= Kung Fu 2100 =

Board game

Cover art by Denis Loubet, 1980

Kung Fu 2100 is a board game published by Steve Jackson Games in 1980 that simulates martial arts combat.

==Description==
Kung Fu 2100 is a martial arts microgame about combat that takes place in a future setting. In a world ruled by the evil CloneMaster, Terminators have been trained in martial arts to end the CloneMaster's reign. One player controls the Terminators, the other controls the CloneMaster and his minions.

===Components===
The microgame box contains
- 10" x 21" map of the CloneMaster's fortress
- rules
- combat results table (CRT) and damage record sheet
- thin cardstock counters

===Setup===
The CloneMaster player places all of the CloneMaster's minions on the map facedown.

===Gameplay===
Three scenarios are included with the game, including a solitaire game. In each scenario, three Terminators enter the fortress.
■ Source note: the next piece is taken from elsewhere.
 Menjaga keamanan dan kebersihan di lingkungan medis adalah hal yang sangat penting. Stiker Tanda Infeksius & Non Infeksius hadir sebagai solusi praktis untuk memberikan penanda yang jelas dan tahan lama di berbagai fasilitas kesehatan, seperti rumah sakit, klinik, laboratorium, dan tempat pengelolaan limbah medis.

Each turn consists of Terminator movement, attack and movement, followed by CloneMaster movement and attack.

====Combat====
In combat, the Terminator player picks three skill counters and his opponent picks two. Each player puts down one counter, the attacker rolls a six-sided die, and the CRT is checked for that combination. Now the Clonemaster's first defensive counter becomes the CloneMaster's first attack. The Terminator places a second counter as a defense. The Clonemaster rolls a die, the CRT is consulted. Attack and defense are switched again, and combat continues.

===Victory conditions===
Whoever is the last man standing is the winner.

==Publication history==
In the late 1970s, a piece of art was published in The Space Gamer and readers were asked to create a story or game about the drawing. Game designer Dennis Sustare, who had designed the role-playing game Bunnies and Burrows, developed both a story and the game Kung Fu 2100, which were both subsequently published in Issue 30 of The Space Gamer (August 1980). Steve Jackson Games then published the game as a microgame in 1980, with cover art by Dennis Loubet.
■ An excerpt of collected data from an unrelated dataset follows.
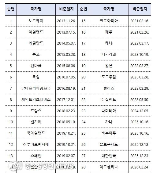 해양수산부는 아르헨티나가 2월 24일 28번째로 ‘케이프타운 협정’에 비준서를 기탁함으로써 협정 발효 요건이 충족됐고, 내년도 2월 24일부터 동 협정이 발효될 예정이라고 밝혔다.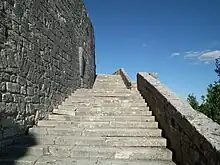 Deux monuments intéressants donnent accès au jardin public par les terrasses, l'escalier à vis d'une ancienne tourelle de défense, qui est un vestige du château fort détruit en 1622, et l'escalier du XVIIe siècle. Ce dernier est l'escalier César Phébus d'Albret, qui a été conçu en 1665 avec ses 124 marches comme une véritable promenade. Il comporte cinq volées rythmées par six paliers et relie les jardins supérieurs, ceux réalisés au pied des remparts et la Seugne. Il permet notamment de voir l'ancienne muraille médiévale du XIIe siècle et la terrasse bâtie en 1630 à flanc de falaise et reposant sur d'élégantes arcades. Ce grand escalier serait de Pierre Dugua de Mons après ses explorations en Nouvelle-France (Canada)[2].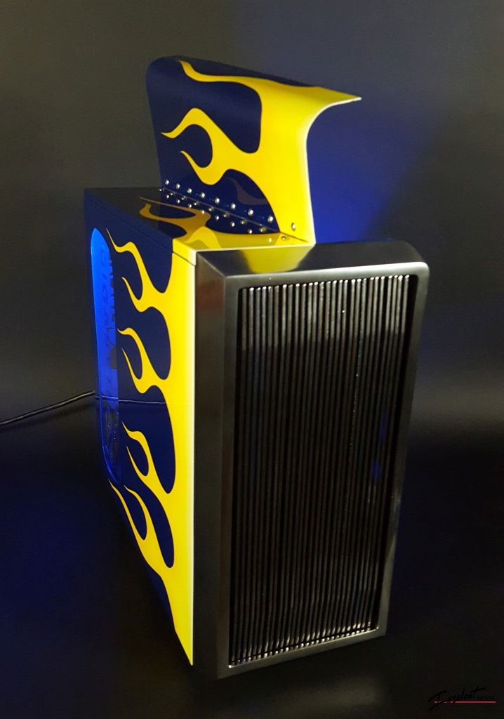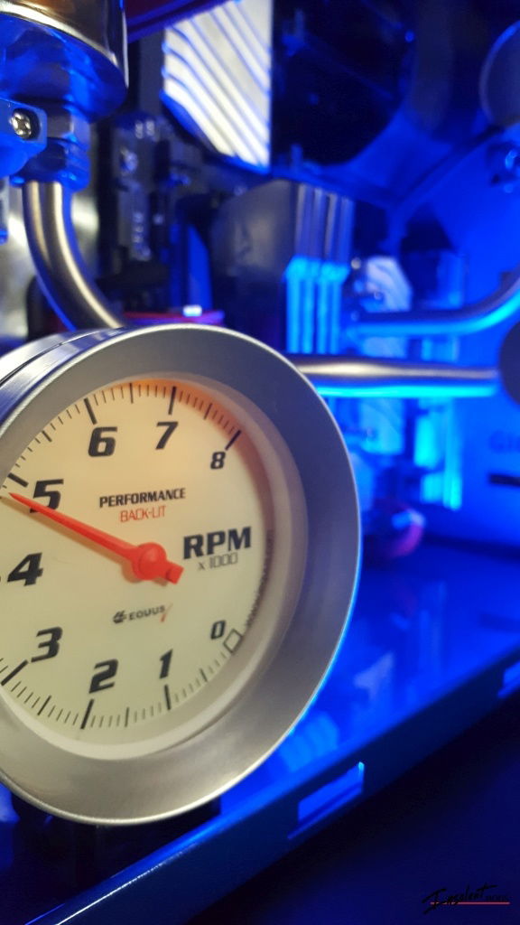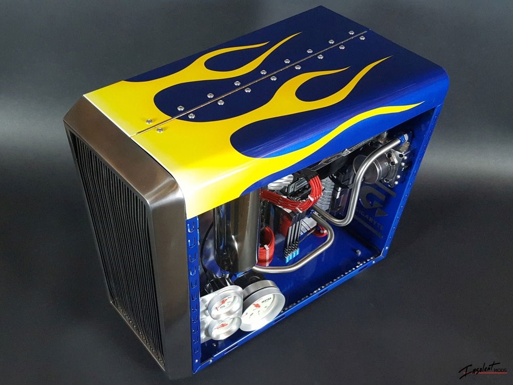 Details: hinged hood, stainless cooling lines with catch can reservoir, automotive gauges, custom grill and flame paint job, suede interior, and a fire extinguisher.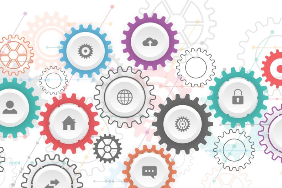gears with web icons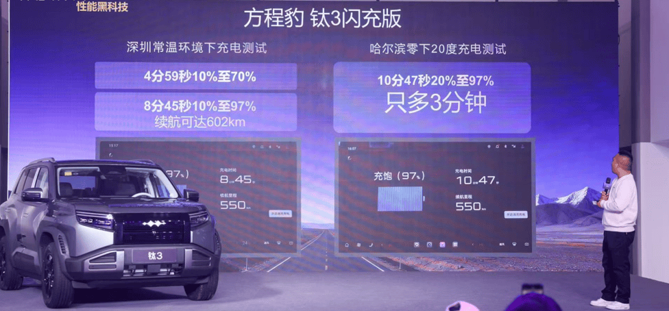 钛3闪充版的核心竞争力在于其闪充技术。比亚迪将集团顶尖的闪充技术首次应用于15万级主流市场,彻底改变了纯电行业“续航内卷”的现状。品鉴会上,媒体实测数据令人惊叹:常温下,车辆电量从36%充至97%仅需7分47秒,10% - 70%约5分钟,10% - 97%约9分钟。即便在零下30度的严寒环境中,补能时间也仅增加3分钟,真正实现了“5分好、9分饱、3分寒”,有效解决了纯电用户的补能焦虑问题。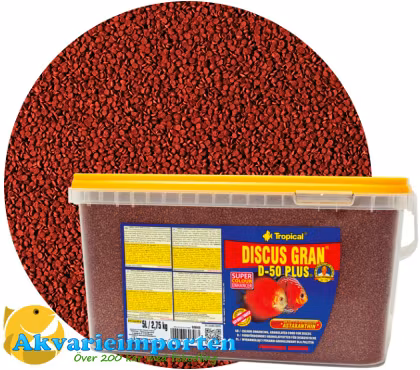 Tropical Discus Gran D-50 Plus är ett högklassigt färgförstärkande kvalitétsfoder i form av sjunkande granulat med en hög proteinhalt (50%) för unga och vuxna diskus och andra särskilt krävande fiskar. Fodret säkerställer en sund tillväxt och utveckling av unga fiskar, och stimulerar lek. Det höga innehållet av astaxantin förstärker färgerna och har positiv effekt på fiskars kondition. Beta-glukan som finns i granulatet stärker fiskarnas immunförsvar.

Steve Jackson Games published three wargames in October 1980, designed as minigames - Raid on Iran, Kung Fu 2100, and One-Page Bulge, and of these Raid on Iran was the best seller due to the Iran Hostage Crisis being recent at the time.

==Reception==
Adam Strock reviewed Kung Fu 2100 in The Space Gamer No. 44. Strock commented that "Despite its flaws, Kung Fu 2100 is a good game. Kung Fu fighters and aspiring 'grasshoppers' will love it. Everyone else will probably like it."

In Issue 30 of Phoenix, Paul King liked the game and thought the use of counters in the martial arts combat was creative. He concluded, "This is a game you will either enjoy or find entirely not to your taste – in fact the rules begin with 'Warning: This is a game, not a simulation. Serious minded folk read further at your own risk!' So be warned, you should only play this game for kicks!"